100 Goldfischli sind eine Tüte. ...na so etwa...

07 September 2007

Das Bier der Fynfzencilohant'l

 

Die Fynfzencilohant'l mussten nicht viel tun für ihren Lebensunterhalt. Melonen, Getreide, Kürbisse und Früchte wuchsen von selbst auf ihrem Feld. Warum, das war ihnen egal. Das Bierbrauen hatten sie durch Zufall entdeckt: In dem Becken, in dem sie immer bei Neumond eine Nacht lang ihr gemeinsames rituelles Fußbad nehmen mussten, war zufällig Wasser stehen geblieben. Die Kinder spielten dort mit Kürbisschiffchen. Dass das Wasser nach ein paar Tagen Schaum trug, war allen entgangen. Sie wollten ja im allgemeinen ihre Ruhe haben.

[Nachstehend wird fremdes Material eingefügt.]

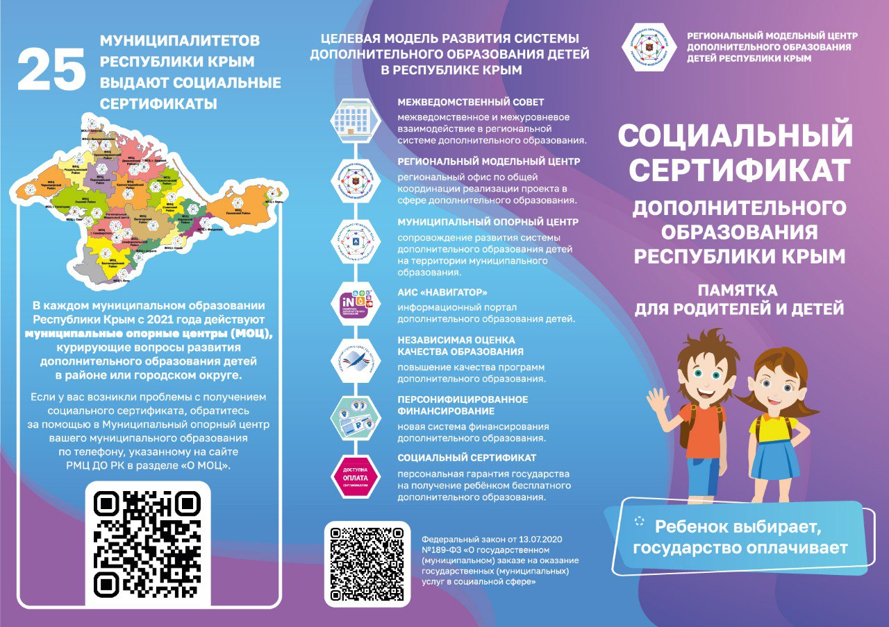Навигатор дополнительного образования Республики Крым – информационный ресурс для родителей, который поможет найти творческое объединение, кружок, секцию для развития способностей ребенка в возрасте от 5 до 18 лет. На информационном портале Навигатора можно увидеть перечень всех программ и записаться в понравившееся творческое объединение.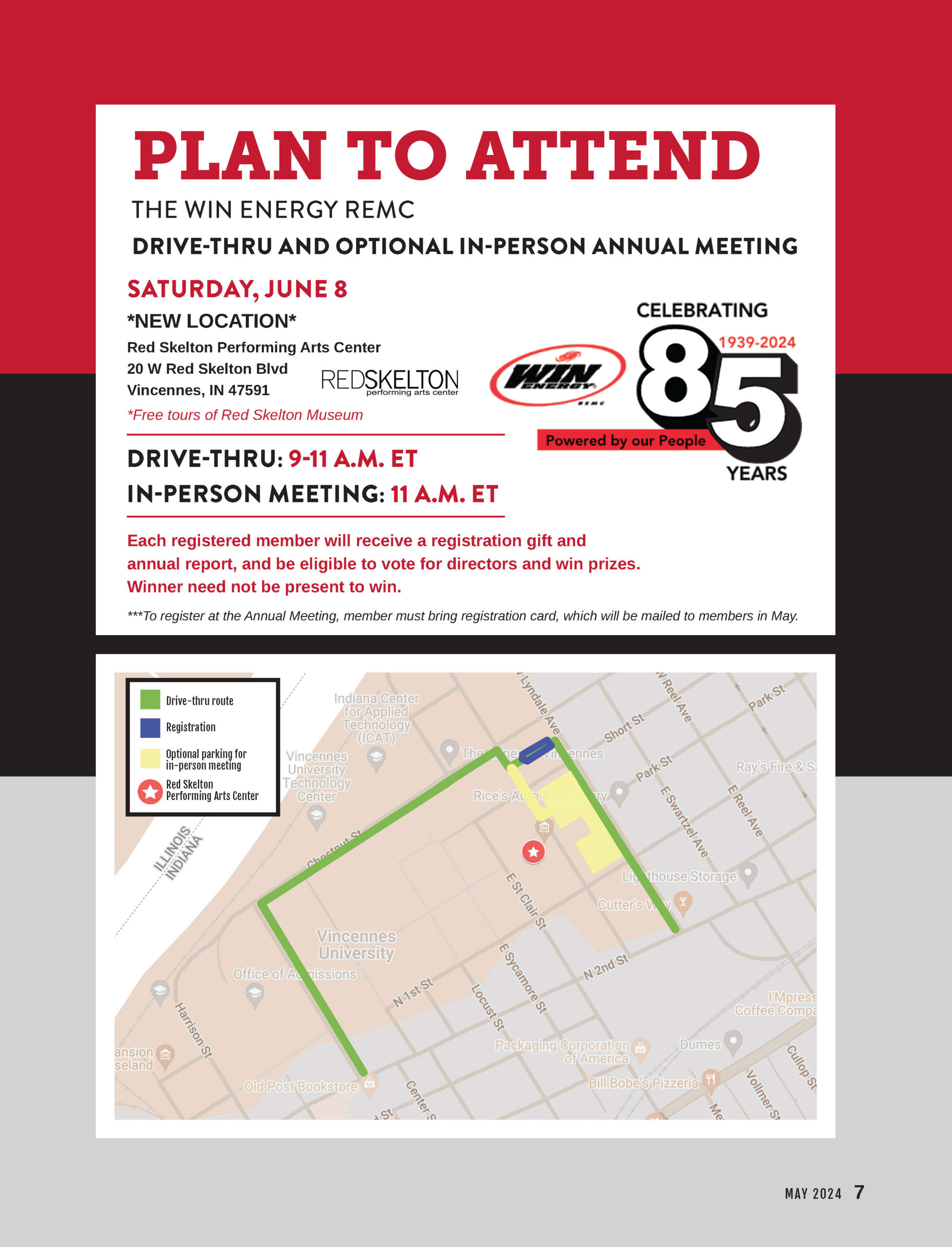 Plan to attend your annual meeting June 8 By Indiana Connection Posted on May 25 2024 in WIN Energy REMC Related Stories Hoosier Energy advances pollinator habitat conservation efforts Growing together through education and training In the community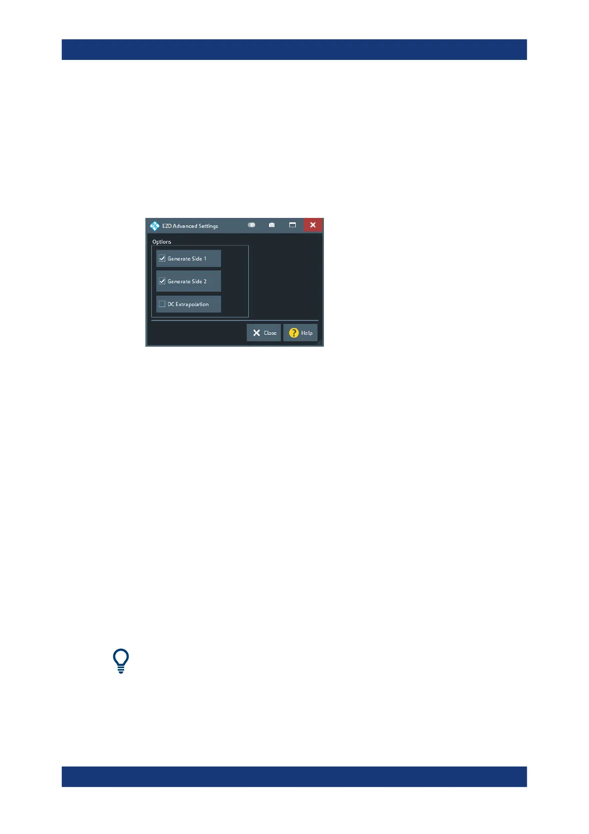 down to the start frequency of the instrument sweep. If checked, the EZD tool adds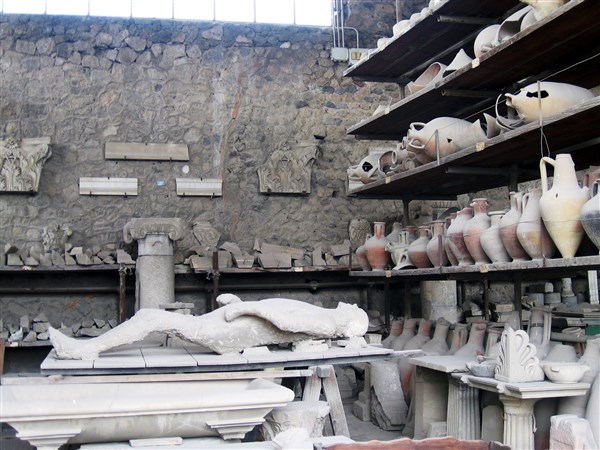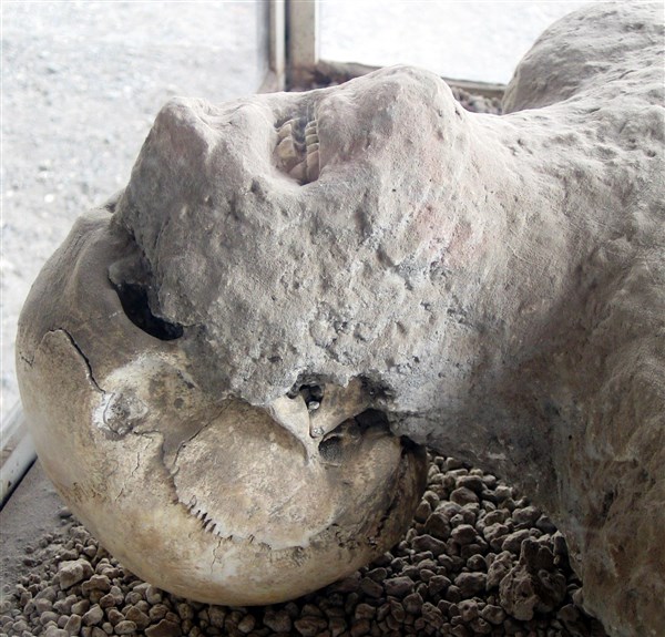 Les cendres générées par l’éruption volcanique se sont transformées en une couche protectrice qui a traversé les siècles. Imaginez la scène il y a près de 2000 ans, lorsque le Vésuve est entré en éruption. Un nuage de cendres et de poussière s’est élevé à près de 20 km de haut projetant des roches en fusion sur des kilomètres à la ronde. Durant 20 heures d’affilée, une pluie de cendre s’est abattue sur Pompéi. Terrible et apocalyptique!.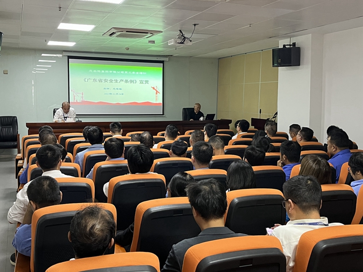 為深入學(xué)習(xí)貫徹新修訂的《廣東省安全生產(chǎn)條例》(以下簡稱《條例》),推動《條例》宣貫走深走實、取得實效。11月16日,集團組織開展《條例》學(xué)習(xí)宣貫培訓(xùn),集團安環(huán)委成員,機關(guān)各部室職工,各下屬企業(yè)負責(zé)人、安全生產(chǎn)分管領(lǐng)導(dǎo)、安全生產(chǎn)管理人員、班組長及一線員工共約60人參加。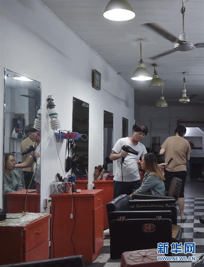 10月2日,在石狮市永宁古卫城,居民在一家理发店美发。 新华社记者 宋为伟摄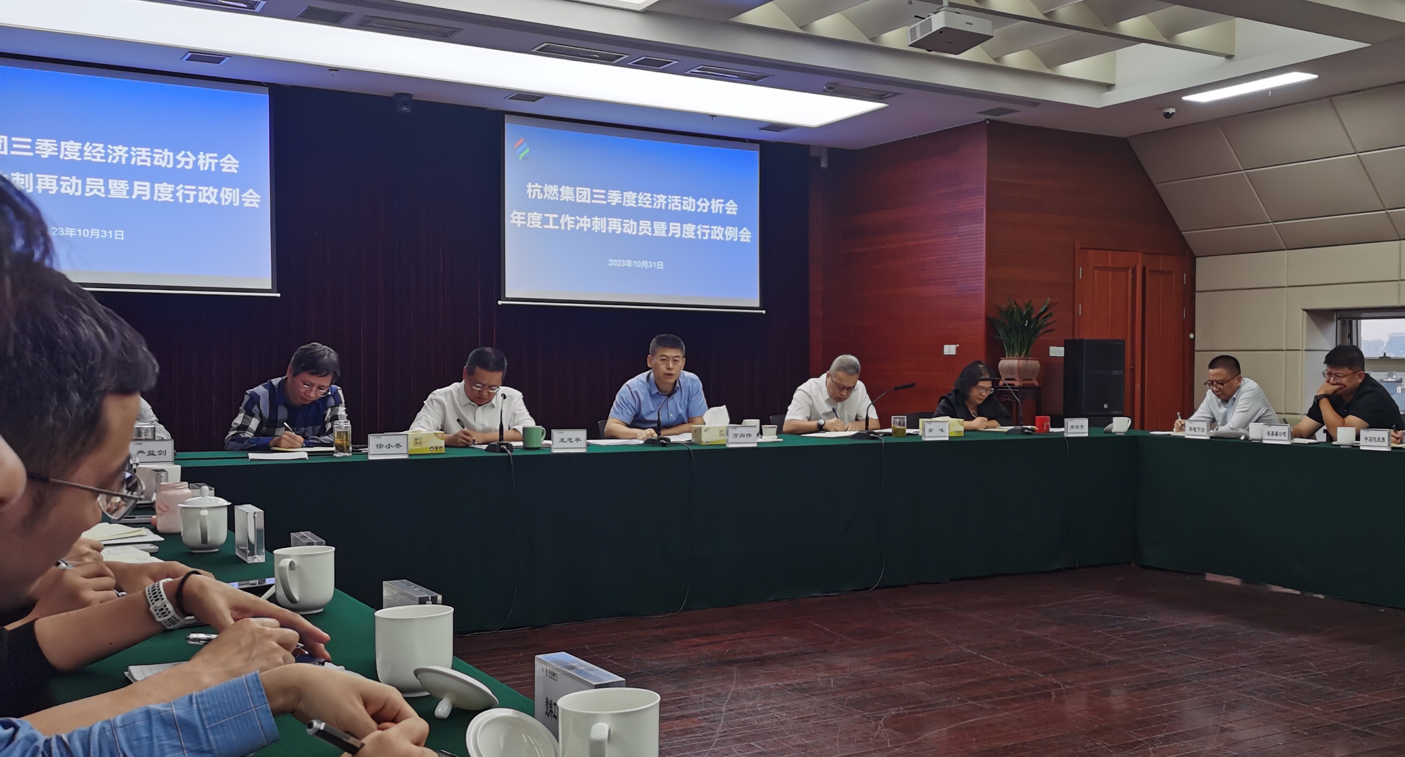 2023年10月31日下午,杭燃集團(tuán)召開三季度經(jīng)濟(jì)活動分析會、年度工作沖刺再動員暨月度行政例會。集團(tuán)領(lǐng)導(dǎo)班子,各部室負(fù)責(zé)人,杭天公司經(jīng)營班子、杭天各部室主要負(fù)責(zé)人、分公司黨政負(fù)責(zé)人,全資及控股企業(yè)、參股企業(yè)主要負(fù)責(zé)人近60人參加會議。會議由集團(tuán)黨委委員、副總經(jīng)理王忠平主持。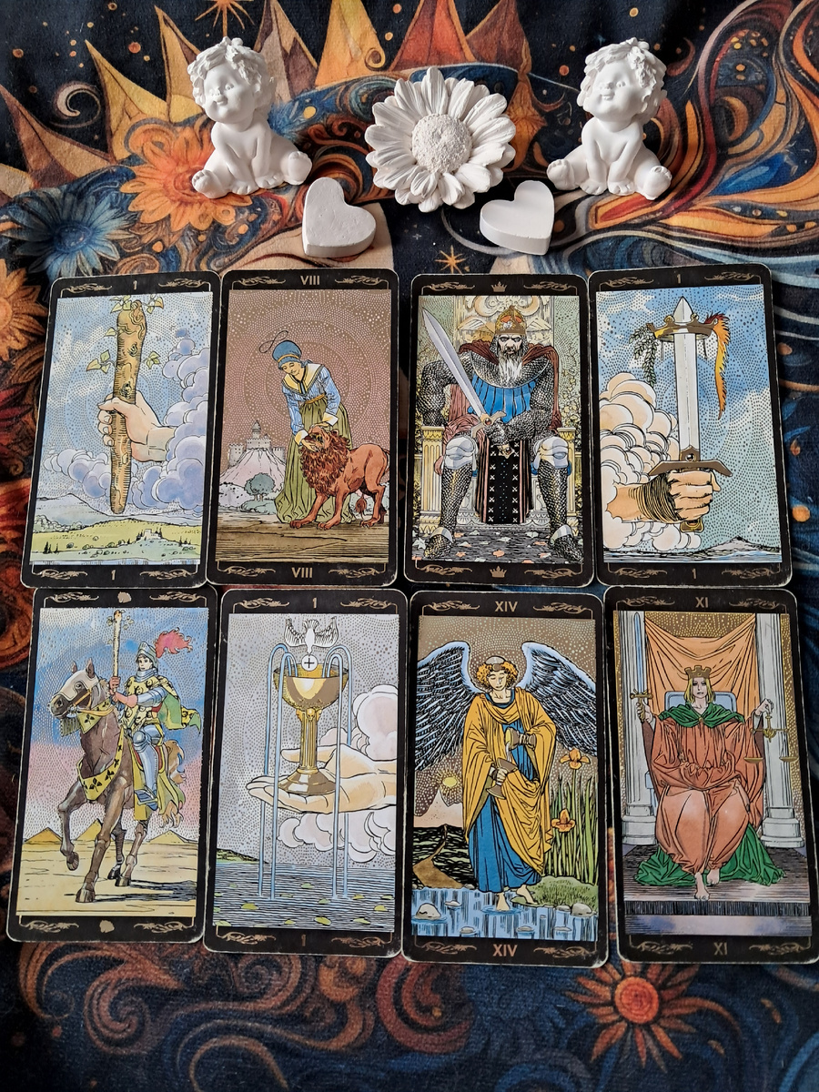 У вас в раскладе четыре Туза (Жезлов, Мечей, Кубков) и Справедливость в итоге. Это не просто «привет», это закладка мощного фундамента. Туз — это семя, потенциал, начало нового цикла. То, что их несколько, говорит о невероятной концентрации возможностей. Сил здесь более чем достаточно, главное — не расплескать.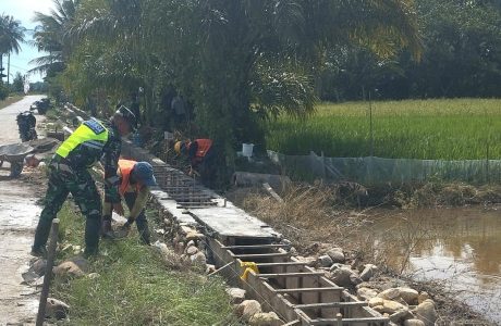 Manunggal TNI Bersama Rakyat, Babinsa Koramil 09/Banda Mulia Bantu Petani Bangun Saluran Irigasi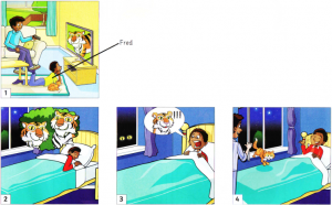 It’s called ‘Fred and the Tiger’. Just look at the pictures first. Look at the first one.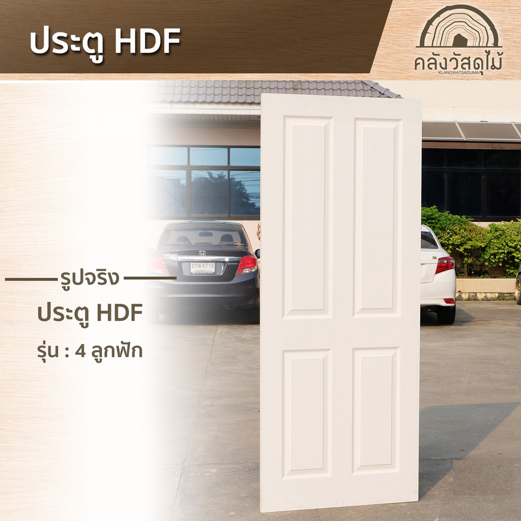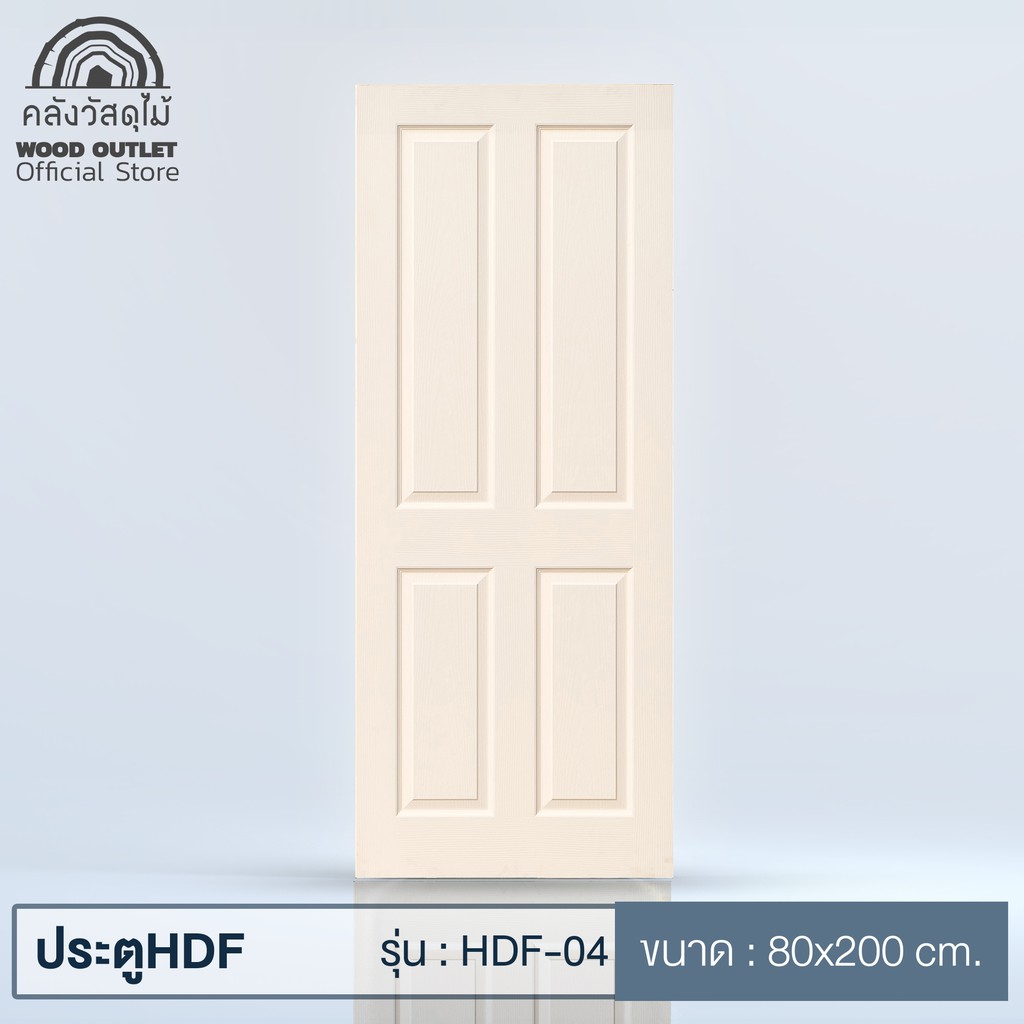 WOOD OUTLET (คลังวัสดุไม้) ประตู HDF-04 ขนาด 80x200cm ใช้สำหรับภายใน งานไม้อัด บานสำเร็จ พร้อมส่ง

Eines Tages war ein Kind steuerlos durchs Dorf getorkelt, aber unter Indianern galt so etwas als mystisches Zeichen. Das Kind hatte interessant mit den Augen gerollt, lustiges Zeug geredet und war am Ende laut schnarchend eingeschlafen.
Als es am übernächsten Tag wieder klar antworten konnte, fand die Mutter heraus, dass es beim Spielen mit Kürbissschiffchen von dem Wasser im Fußbadebecken getrunken hatte. Dabei hatte sich das Kind offensichtlich einen fürchterlichen Rausch zugezogen.
Die Fynfzencilohant'l probierten die Wirkung erst an zwei weiteren Kindern aus, bevor der erste Erwachsene bereit war, von dem Wasser zu kosten. Kinder hatten sie genug.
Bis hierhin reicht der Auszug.